Coming back to Roxy Café, Champaklal Bhatt, like most Indians, loved cricket. His friend Gopalakrishnan was a test umpire who served during the 50s and 60s. Both of them spent a lot of time at the Café chatting about the sport over endless cups of strong coffee. Bhatt was also proud of his good friend Dr Annamalai, then a leading heart specialist with a list of important patients. When Dr Annamalai left for England to continue his studies, it was at the Roxy Café terrace that the farewell party was held. Then there was Duraisingh Francis, then the SI at the G1 Vepery police station. He went on to become the Asst. Commissioner of Police, the highest post one could reach in those days.

When tourists came to Madras from Gujarat, tiffin at the Neo Roxy Café was a must-do item on their checklist, to Bhatt’s delight. Unsurprisingly, the hotel quickly grew very popular among the North ­Indian Circle in Madras.

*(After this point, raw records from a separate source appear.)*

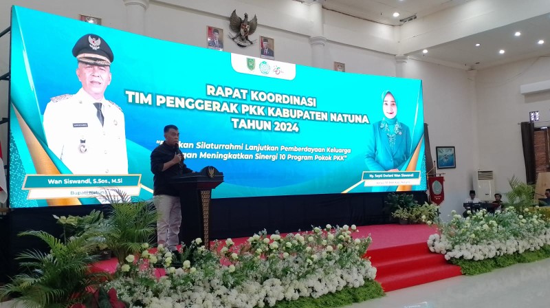 Bupati Natuna, Wan Siswandi, membuka secara resmi Rapat Koordinasi TP-PKK Kabupaten Natuna Tahun 2024, yang diadakan di Gedung Sri Srindit, Ranai, pada Jumat (20/09).
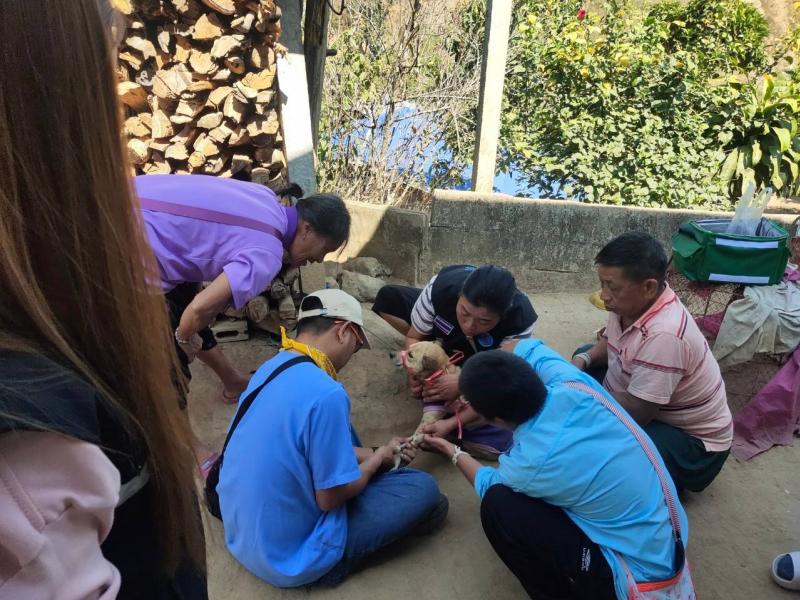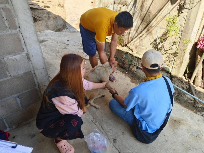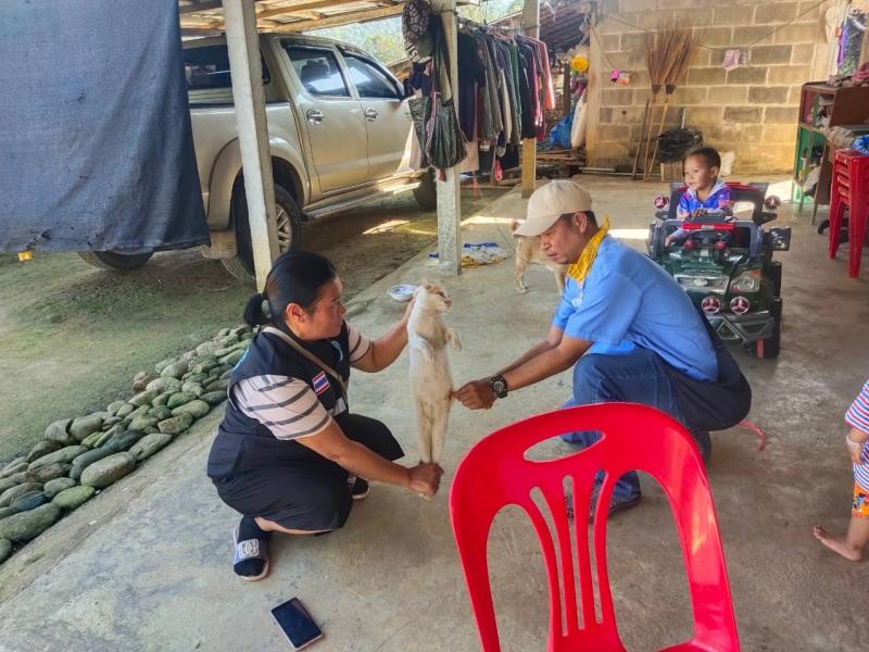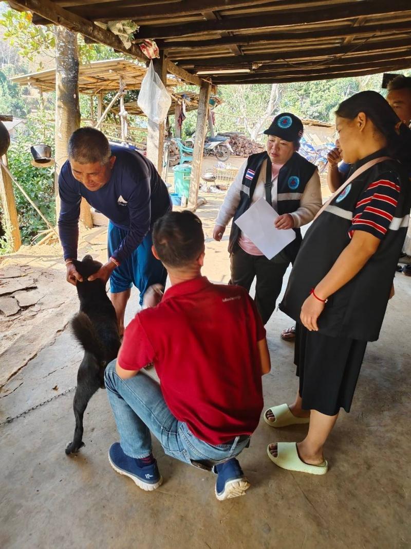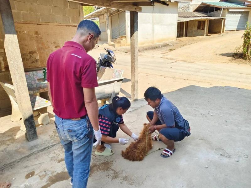 ฝ่ายบริหารงานสาธารณสุข ร่วมกับปศุสัตว์อำเภอแม่ฟ้าหลวง ลงพื้นที่ฉีดวัคซีนป้องกันโรคพิษสุนัขบ้าในสุนัขและแมว บ้านสันมะเค็ด
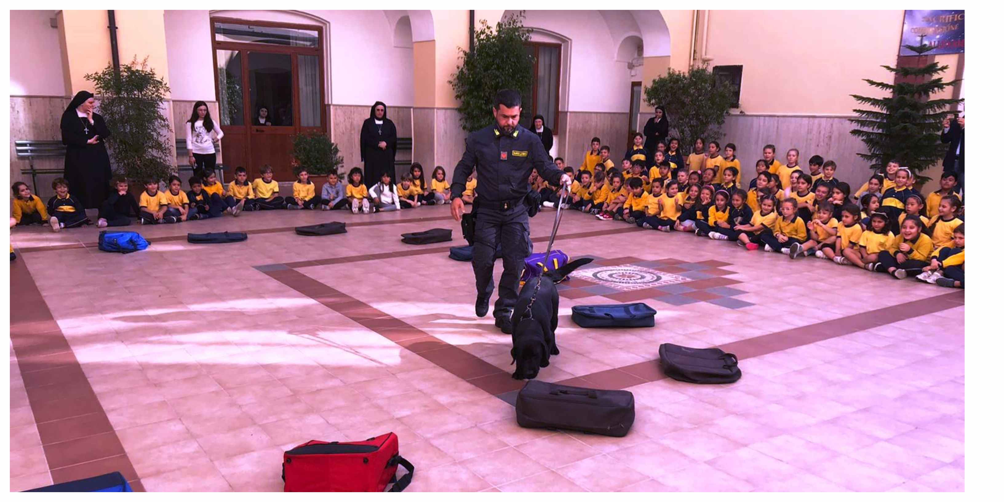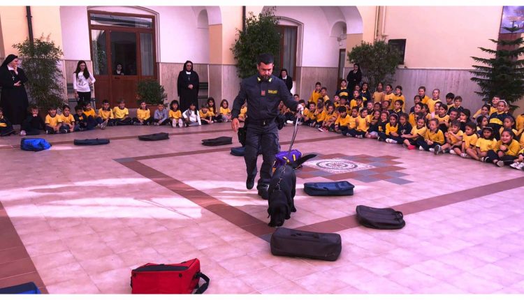 L’iniziativa ha visto attivamente coinvolti gli alunni e le insegnanti della Scuola Primaria dell’Istituto Sacro Cuore. Gli agenti della cinofila hanno spiegato, ai bambini presenti, il ruolo dei cani nel loro lavoro per poi lasciare spazio a curiosità varie. In seguito hanno creato un percorso dove i bambini hanno potuto vedere concretamente come i cani agiscono in alcune situazioni.
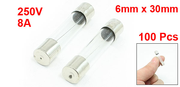 100 Pcs 6mm x 30mm Fast Acting Type Glass Tube Fuses 8A 250V for Security

Bhatt was a great believer in giving back to society. He was always ready to help the needy and poor. In fact, every Wednesday, when the hotel was closed to customers, he would organise full meals for about 25 rickshaw pullers. This was a ritual which continued for many years and many benefited from his generosity.

However, all good things come to an end and as fate would have it, the owner of the premises decided to rebuild the ageing building in 1970. Unfortunately, he passed away suddenly, marking the downturn of the Café. Nothing worked out for Bhatt or the NRC after that period and the hotel had to close its shutters. However, the goodwill and the quality of its service are still remembered by the older generation of patrons still living in Purasawalkam.